# Windshield replaced now key fob doesn't work



## Suzeq62 (Aug 26, 2017)

I had the windshield replaced in my 2013 Cruze. Now my tire pressure sensor doesn't work nor do my key fobs. It's my understanding there is a transmitter in the black box behind the rear view mirror. Any help would be most appreciated.


----------



## ChevyGuy (Dec 13, 2014)

I'd start by calling the folks that did the windshield replacement. Let them know the receiver is right there by the windshield so they know it's likely a result of their work.

The only suggestions I can think of for fixing it on your own is to pop the covers off and make sure everything is plugged in.
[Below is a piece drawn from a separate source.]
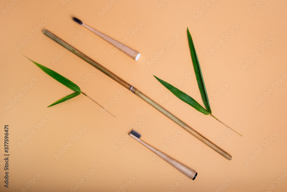 Top view fresh bamboo leaves and canes with toothbrushes made using waste-free technologies on beige background. Concept of rational and conscious use of natural resources, environmental protection.

The other idea is to disconnect the battery to force the car to reboot.


----------



## Blasirl (Mar 31, 2015)

Welcome Aboard!:welcome:


----------



## hwp (Nov 6, 2020)

I've a 2014 Cruze - just had the windshield replaced, and now no fob functionality! Grrr. Thanks for the info in this thread - at least I have a starting point!


----------



## Blasirl (Mar 31, 2015)

hwp said:


> I've a 2014 Cruze - just had the windshield replaced, and now no fob functionality! Grrr. Thanks for the info in this thread - at least I have a starting point!


Welcome Aboard!

Don't forget to introduce yourself and your Cruze here.


----------



## tysonrude (Jul 19, 2021)

hwp said:


> I've a 2014 Cruze - just had the windshield replaced, and now no fob functionality! Grrr. Thanks for the info in this thread - at least I have a starting point!


 Did you ever get this resolved. I'm having the same issue after windshield replacement. I keep thinking they damaged a wire when removing or installing.


----------